Living mainly in the areas of Harris and Fort Bend, Houston’s immigrant population has continued to thrive since World War II. Known as an immigrant gateway – a metropolitan area with a small immigrant population prior to the 1950s – Houston has had a flux of foreign-born arrivals post-1980. Nearly 90 percent of immigrants came during this period. In Houston, the report found that the homeownership rate among immigrants who have been in the country since at least 2006 is similar to the rate for the native-born population.
“Immigrants have been a critical factor in the housing market’s recovery after the 2008 downturn, and immigration policy is poised to have a big impact on the continued improvement and overall health of the U.S. housing market,” says Stockton Williams, Executive Director at the Urban Land Institute.
Demographics
Nearly a quarter of the 6.5 million people who live in the Houston region are foreign-born.
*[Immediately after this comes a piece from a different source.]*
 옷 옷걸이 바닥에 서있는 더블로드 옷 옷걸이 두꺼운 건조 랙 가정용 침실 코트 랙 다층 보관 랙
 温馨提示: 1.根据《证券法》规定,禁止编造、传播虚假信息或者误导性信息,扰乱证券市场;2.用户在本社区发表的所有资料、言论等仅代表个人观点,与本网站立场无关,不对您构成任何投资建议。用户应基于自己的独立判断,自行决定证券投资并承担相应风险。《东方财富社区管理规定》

Between 2006 and 2014, the population within the area grew 17.1 percent, adding 948,132 people. A third of that growth was due to the influx of foreign-born people, whose population grew by 25.5 percent.
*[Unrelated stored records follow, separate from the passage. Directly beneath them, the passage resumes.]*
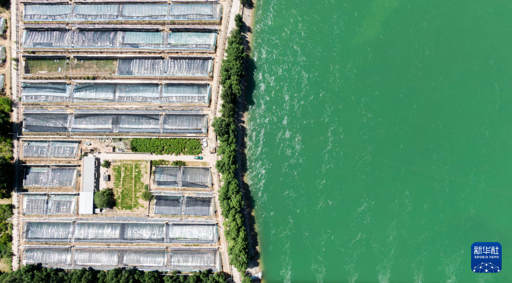 高原夏日,青海省黃南藏族自治州尖扎縣境內的黃河碧波蕩漾。藍天白云、清清河水和岸邊村落共同構成秀麗的夏日美景。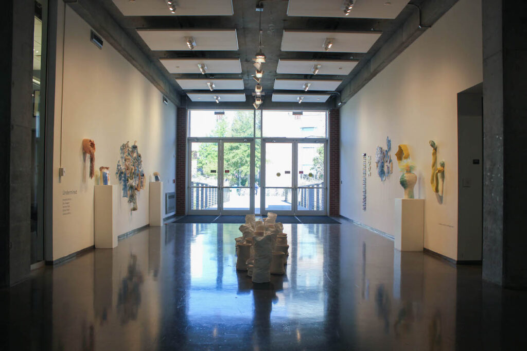 Undermined is a collaborative conversation between three MFA candidates in Textile Design and two MFA candidates in ceramics all of whom are working at the Dodd. The exhibition seeks to bring utilitarian crafts to the forefront as artistic endeavors, by creating a tangible dialogue between five artists. Yeonsoo Kim and Esther Mech created ceramic and pottery...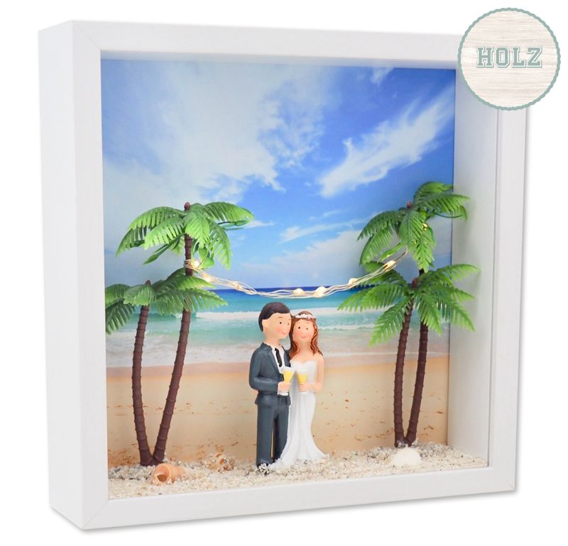 Geschenkrahmen Holz Diorama Geldgeschenk Gutschein Hochzeit Strand Strandhochzeit LED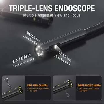 Introducing the Teslong NTS500 Pro Triple Lens Endoscope, a cutting-edge inspection camera designed for industrial mechanics and DIY enthusiasts alike. Featuring an innovative three-camera probe configuration, this state-of-the-art endoscope provides unparalleled clarity and versatility. The unique side-view camera with short focus excels in navigating tight spaces, ensuring that you capture every intricate detail. Paired with a robust 5" 720P IPS LCD screen, enjoy vibrant imaging in crisp...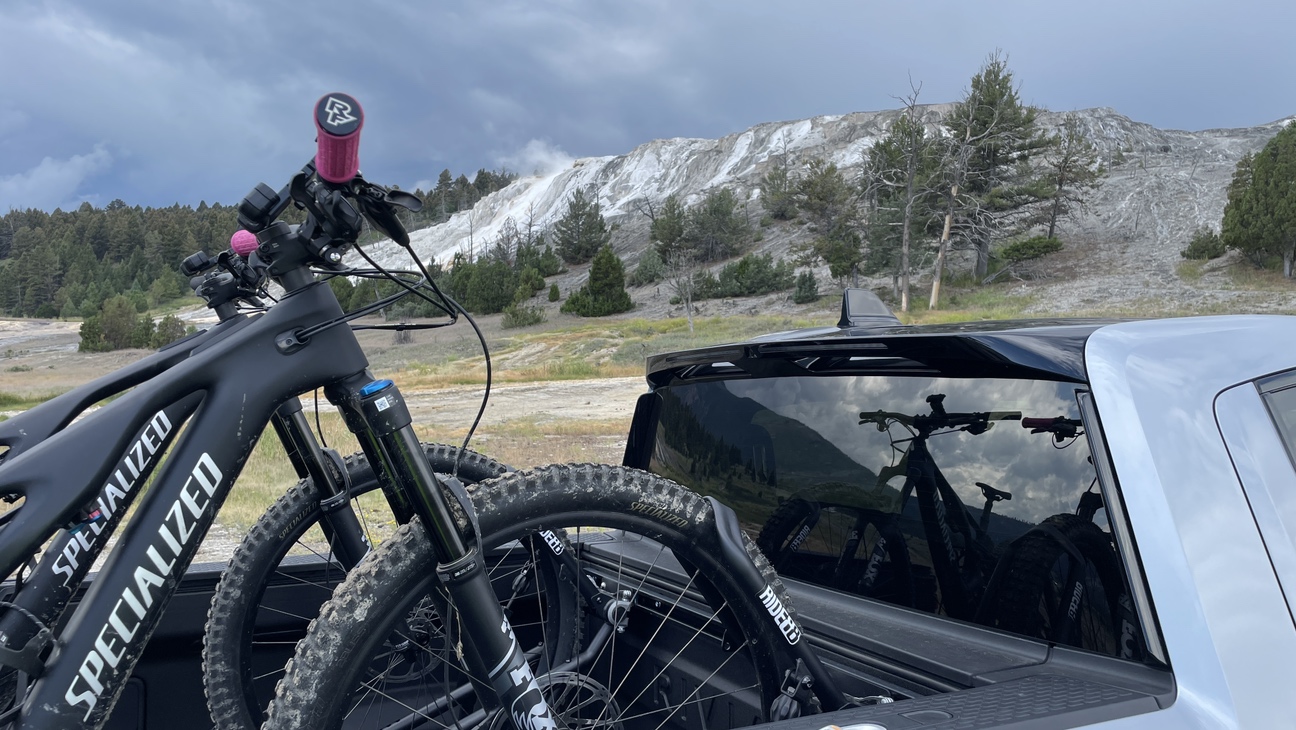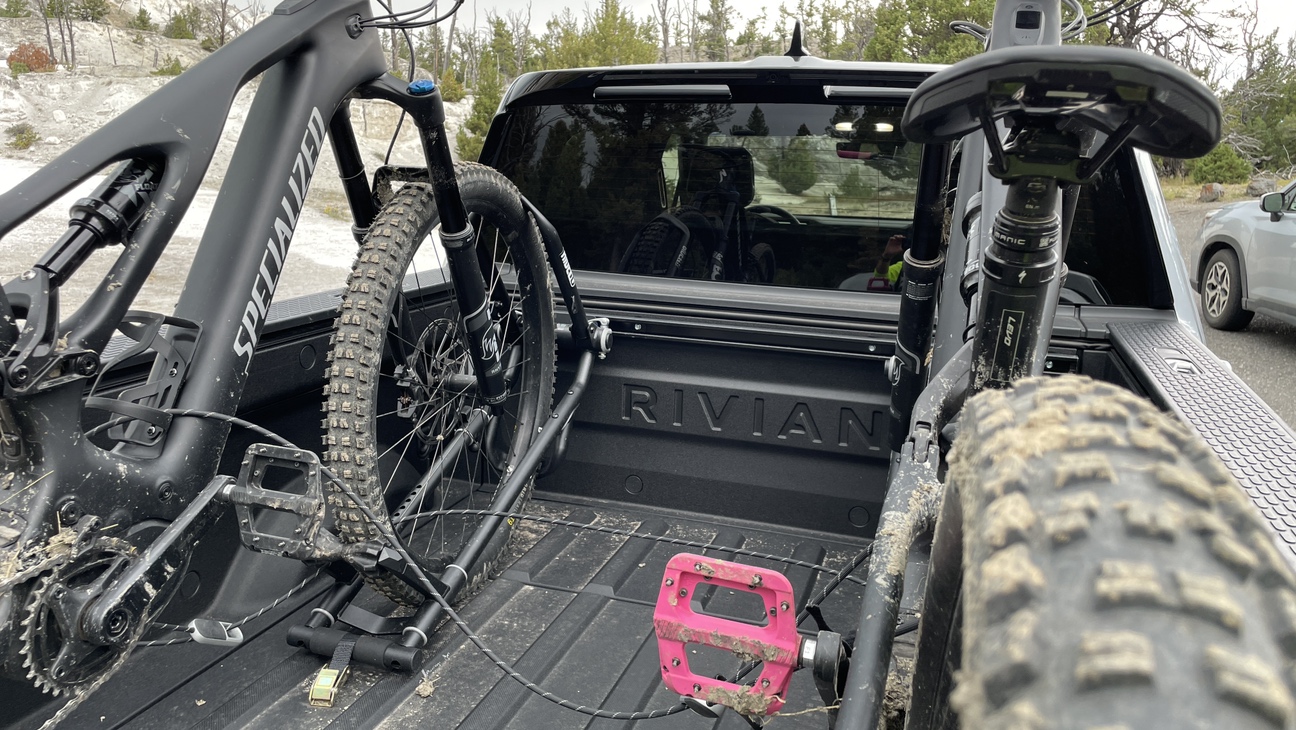 Tailgate bike pads look pretty good for simplicity, but with Rivian’s tailgate design they are tough. I bought a third party brand and used it once. Rivian has just started making their own, but honestly, lifting a 50+ pound e-bike up and over the tailgate without scratching the truck isn’t easy or fun!

The largest group of immigrants living in Houston are from Latin America: 600,000 people, accounting for 42 percent of the foreign-born population, are from Mexico, and 8 percent are from El Salvador. A quarter are Asian, and out of that 5 percent are Vietnamese, while the Chinese and Indian populations are continuing to grow.
Housing: location and income
While immigrants are less likely to own a home and live in a single-family home compared to native-born residents, those of Asian descent have a higher ownership rate than any other group. Higher incomes lead to higher homeownership rates, and Asians and immigrants from other countries—aside from Mexico, El Salvador, Vietnam, China, India, and some African countries—have the highest incomes leading to their outstanding homeownership rate.
Locationally, immigrants in Houston tend to live in the suburbs—between 84 and 86 percent across all immigrant groups. Looking closer at the types of suburbs, 29 percent of immigrants live in an economically challenged suburb, as do 23 percent of native-born residents; 34 percent live in stable middle-income suburbs, versus the 42 percent of native-born residents; and 14 percent live in established high-end suburbs, while 15 percent of native-born residents are living affluently, as well. It is more likely for a foreign-born resident to live in an urban environment at 13 percent, versus the 9 percent of native-born residents that live in the city.